The listing below should be printed exactly, though its pictures must not be.
Segment Start: Information provided
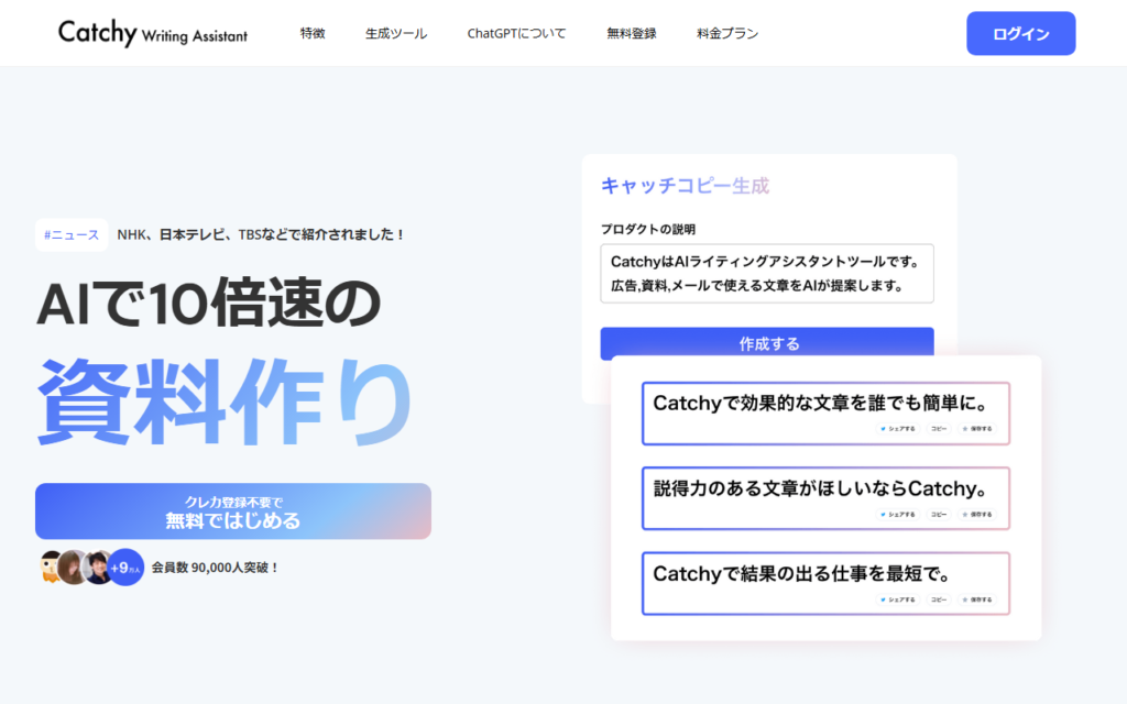 Catchyは、ChatGPTを搭載した国内最大級のAIライティングアシスタントツールです。広告コピー、記事作成、メール文面、YouTube企画案など100種類以上の生成ツールを提供し、マーケティングに必要な文章作成を幅広くカバーします。広告・マーケティング担当...
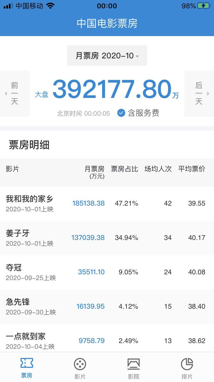 2020年國(guó)慶檔(10月1日-10月8日)落下帷幕,據(jù)國(guó)家電影專項(xiàng)資金辦公室“中國(guó)電影票房APP”數(shù)據(jù)顯示,截至10月8日24時(shí),2020年國(guó)慶檔票房達(dá)39.2億元,取得中國(guó)影史國(guó)慶檔票房第二的成績(jī)。
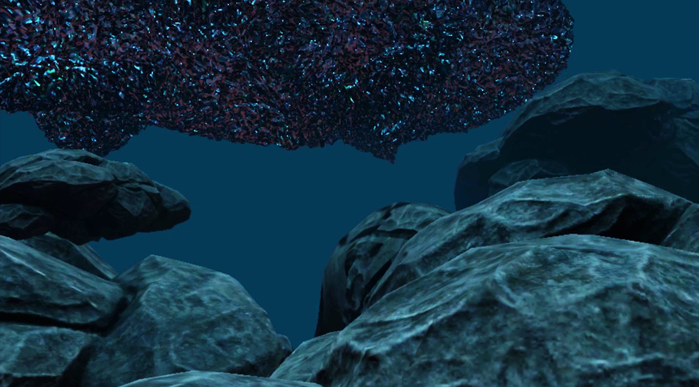 Virtuālās realitātes mākslas darbā “SYNK IN” Ieva Vīksne izmanto biometriskos datus mākslas kontekstā – smadzeņu viļņus lasošās ierīce tiek izmantota kā interfeiss, kas ļauj skatītājam navigēt mākslinieces radītajās virtuālājās telpās. Izmantojot savus smadzeņu impulsus, skatītajam būs iespēja “iegremdēties” gan virtuālajā ūdenī, gan prāta dzīlēs. Pieredzot šķietamu kontroli pār notiekošo procesu, būs dota iespēja izmēģināt, cik veiksmīgi skatītājs spēj kontrolēt sava prāta plūdumu.
Segment End: Information provided
### Answer for the task
 Catchyは、ChatGPTを搭載した国内最大級のAIライティングアシスタントツールです。広告コピー、記事作成、メール文面、YouTube企画案など100種類以上の生成ツールを提供し、マーケティングに必要な文章作成を幅広くカバーします。広告・マーケティング担当...
 2020年國(guó)慶檔(10月1日-10月8日)落下帷幕,據(jù)國(guó)家電影專項(xiàng)資金辦公室“中國(guó)電影票房APP”數(shù)據(jù)顯示,截至10月8日24時(shí),2020年國(guó)慶檔票房達(dá)39.2億元,取得中國(guó)影史國(guó)慶檔票房第二的成績(jī)。
 Virtuālās realitātes mākslas darbā “SYNK IN” Ieva Vīksne izmanto biometriskos datus mākslas kontekstā – smadzeņu viļņus lasošās ierīce tiek izmantota kā interfeiss, kas ļauj skatītājam navigēt mākslinieces radītajās virtuālājās telpās. Izmantojot savus smadzeņu impulsus, skatītajam būs iespēja “iegremdēties” gan virtuālajā ūdenī, gan prāta dzīlēs. Pieredzot šķietamu kontroli pār notiekošo procesu, būs dota iespēja izmēģināt, cik veiksmīgi skatītājs spēj kontrolēt sava prāta plūdumu.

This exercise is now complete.